Presented By O'Reilly and Cloudera
Make Data Work
22–23 May 2017: Training
23–25 May 2017: Tutorials & Conference
London, UK

Fast data at ING: Utilizing Kafka, Spark, Flink, and Cassandra for data science and streaming analytics

Bas Geerdink (ING)
12:0512:45 Thursday, 25 May 2017
Real-time applications, Spark & beyond
Location: Capital Suite 8/9
Level: Intermediate
Average rating: ***..
(3.25, 4 ratings)

Who is this presentation for?

  • Architects, managers, and developers

Prerequisite knowledge

  • Basic programming skills in at least one language (Java, Scala, C#, etc.)
  • Basic knowledge of big data tools, such as Hadoop and Spark

What you'll learn

  • Explore use cases for streaming analytics and see the way they are developed and implemented at ING

Description

As a data-driven enterprise, ING is heavily investing in big data, analytics, and stream processing. As in many other enterprises, ING deals with a large variety of data sources. Some are responsible for primary processes, while others are used to improve the quality of the service and keep internal operations going on smoothly. The amount of data that must be handled goes beyond the computing performance of single machines, and vertical scalability is hardly an option.
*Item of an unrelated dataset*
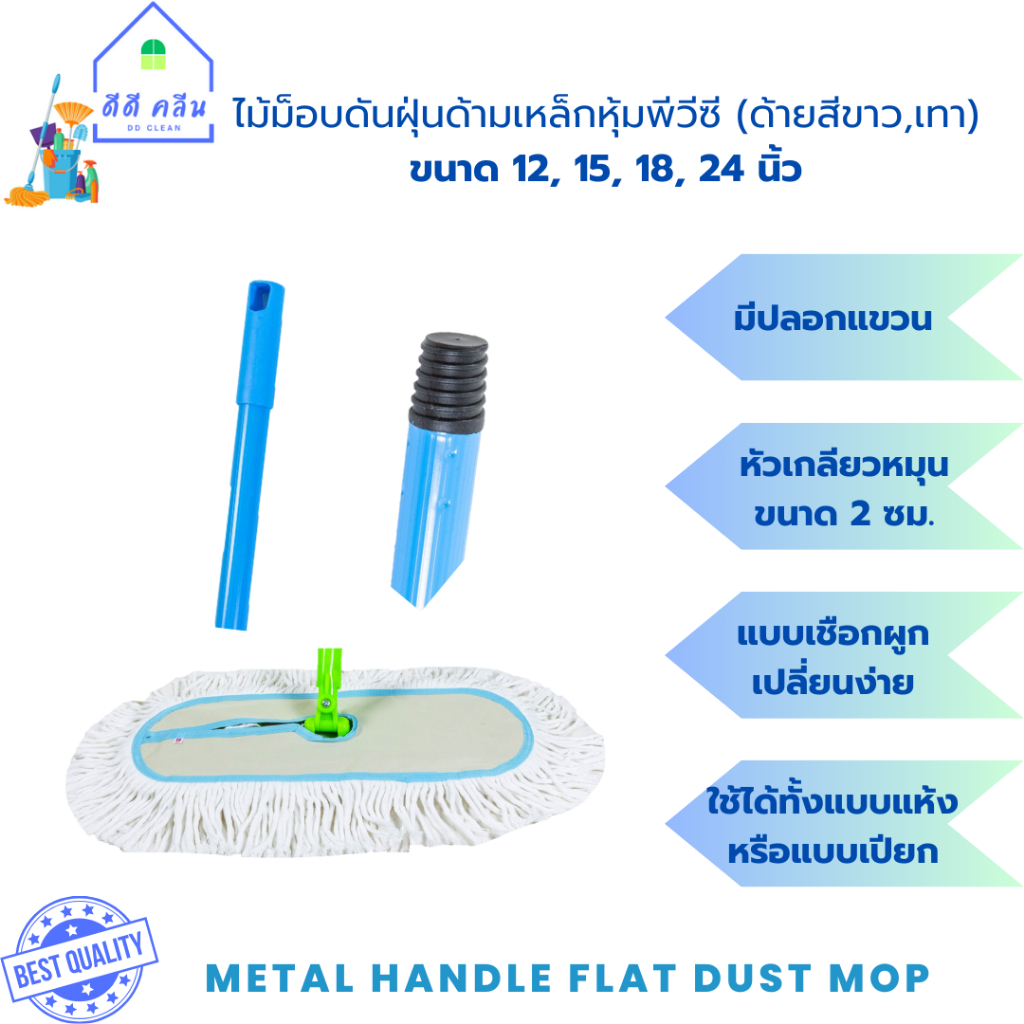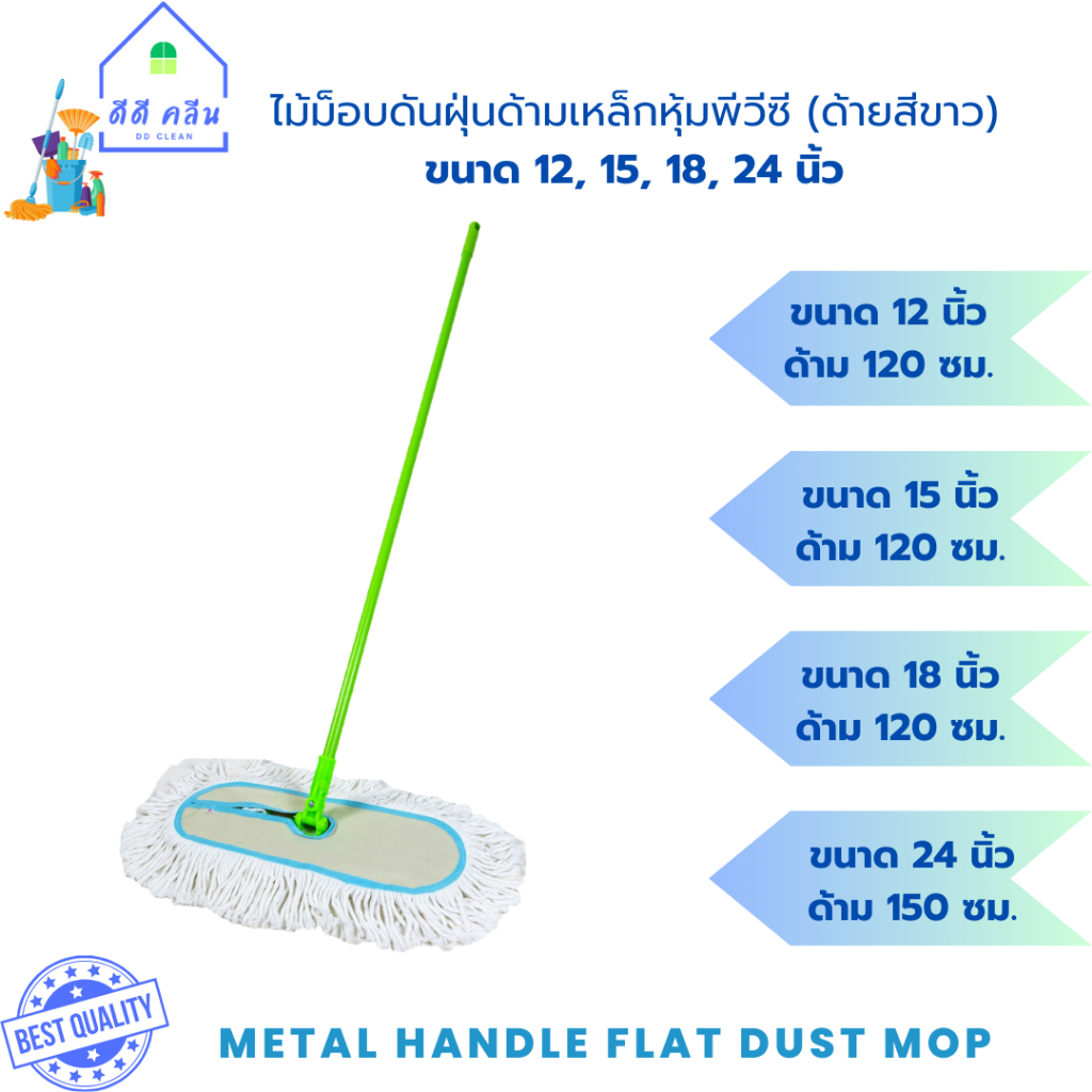 ไม้ม็อบดันฝุ่นด้ามเหล็กหุ้มพีวีซี ผ้าม็อบขนาด12, 15, 18, 24นิ้ว (ด้ายสีขาวและสีเทา)

An important building block in ING’s analytics architecture is a state-of-the-art data lake, built with Hadoop and Spark. The data lake replaces several enterprise data warehouses and is the central repository for all types of data, supporting various types of queries for our stakeholders’ demands: batch, real-time, and both large and small datasets. Key elements of ING’s data lake include RESTfull APIs, secured and managed access to big data storage and processing, and real-time streaming analytics. Data is handled more often than not as streams, and ING works with Kafka and streaming computing (Spark, Flume, and Flink) to provide faster, more reactive, and up-to-date user experiences and journeys. In addition, machine learning (MLlib, H2O.ai, Python, and R) aids traditional SQL analytics to provide better insight when it comes to operational excellence, business processes, marketing, and security applications.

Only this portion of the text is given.